Welcome pole at creates Aboriginal Understanding

First of 10 at schools in Maple Ridge and Pitt Meadows

Students at Edith McDermott elementary sit by the Welcome Pole unveiled at their school Tuesday morning.

Students at Edith McDermott elementary sit by the Welcome Pole unveiled at their school Tuesday morning.



The first of 10 welcome poles was unveiled Tuesday at Edith McDermott elementary for National Aboriginal Day.

The project took more than two years to complete, with the help of several hundred students spending class time and free time carving the pole.

“The goal was to create a greater sense of understanding of Aboriginal culture and history, and a greater sense of belonging to the school community,” said Doug Hoey, principal of Aboriginal education for School District 42.

“The other goal,” continued Hoey, “was to create a legacy for the students so that years from now they will bring their sons and daughters back to show them the pole that they carved when they were students here.”

The pole was designed by district cultural mentor and master carver Quinton Harris using ideas gathered from students, staff and parents from the school, as well as Katzie elders.

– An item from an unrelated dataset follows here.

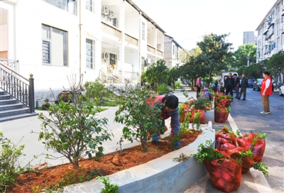 11月8日,咸安区林业局来到包保的咸安区温泉街道滨河社区四合院小区,同居民一道栽种黄杨、熊野紫藤、炮仗花千余株。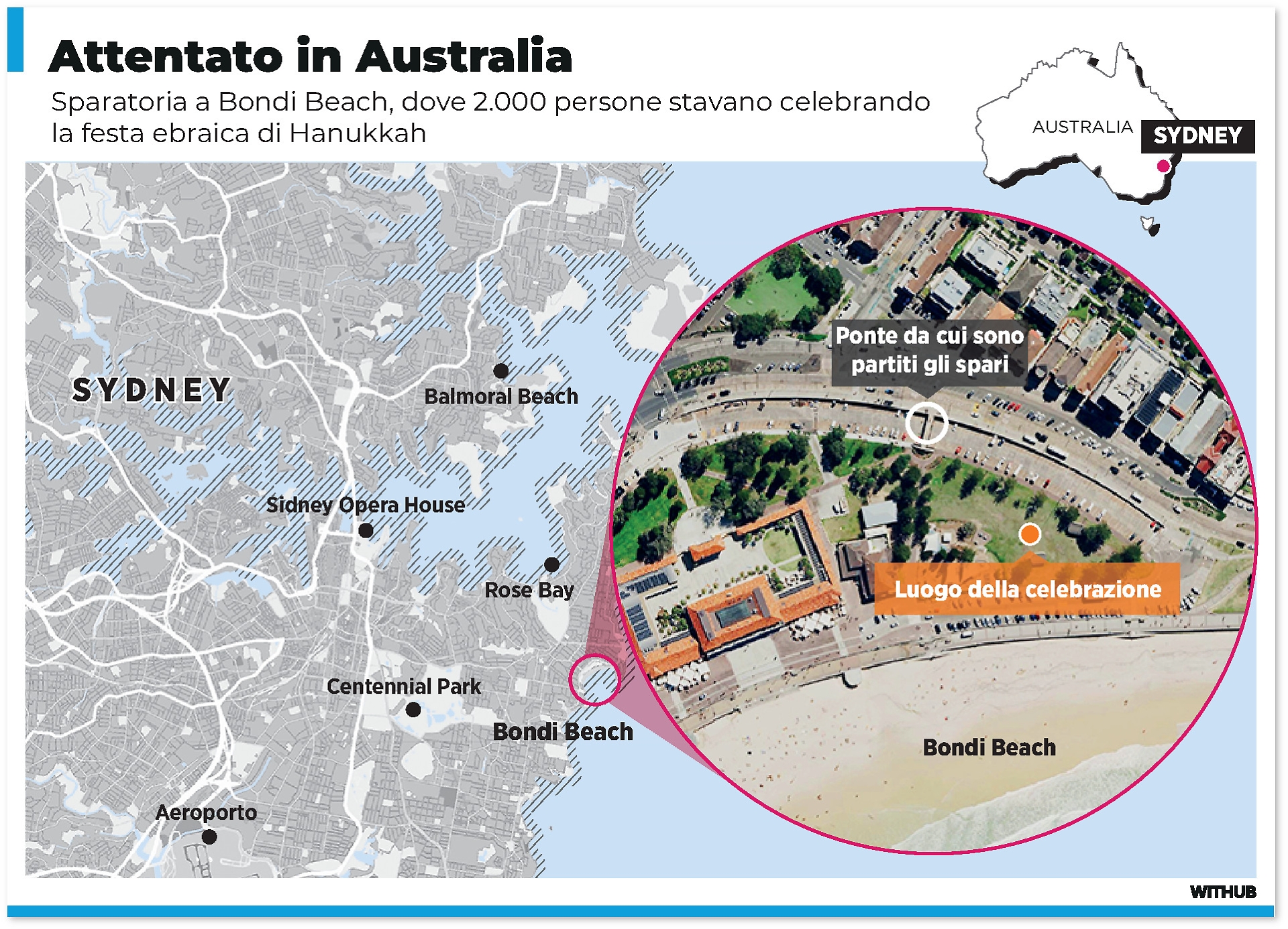 La bambina tiene stretta la candela di cera, la custodisce con le mani a coppa per proteggere la fiamma dal vento salmastro. Sullo sfondo, il mare di Bondi Beach respira lento, come ogni sera d’estate australe. Alle 18,40-18,47 (ora locale), secondo le prime ricostruzioni, una sequenza di colpi spezza il brusio della festa: due figure vestite di scuro, su un piccolo ponte che scavalca la strada e il parcheggio vicino al parco giochi, aprono il fuoco verso la folla radunata per “Chanukah by the Sea”, l’evento organizzato da Chabad of Bondi. In circa dieci minuti, la “festa della luce” si trasforma in un caos di sirene, urla, fughe, corpi a terra, soccorritori che improvvisano triage tra le giostre.

The four-metre-tall cedar pole will be placed on a platform overlooking the front foyer, to welcome anyone from the community into the school.

Five logs were donated to the school district by Blue Mountain Woodlot, each weighing 540 kilograms. They were cut in half lengthwise by Anderson Pacific Forest Products, then put in a kiln at Hammond Cedar for 28 days to dry. Students at Westview secondary welded together the stands for the finished poles.

Initially only three logs were placed at elementary schools in the district: one at Edith McDermott, in the west; one located centrally at Alouette elementary; and one in the east at Albion elementary.

Now the other seven logs have been placed for carving projects at other local schools.

Katzie Chief Jay Bailey, whose 10-year-old son attends Edith McDermott, was at the ceremony.

“It is definitely a celebration of Aboriginal culture,” he said. “It is the first pole being raised at our own kid’s school. It’s awesome.”

He hopes the welcome pole will inspire children to learn about First Nations culture and open the eyes of students to the talent of carving.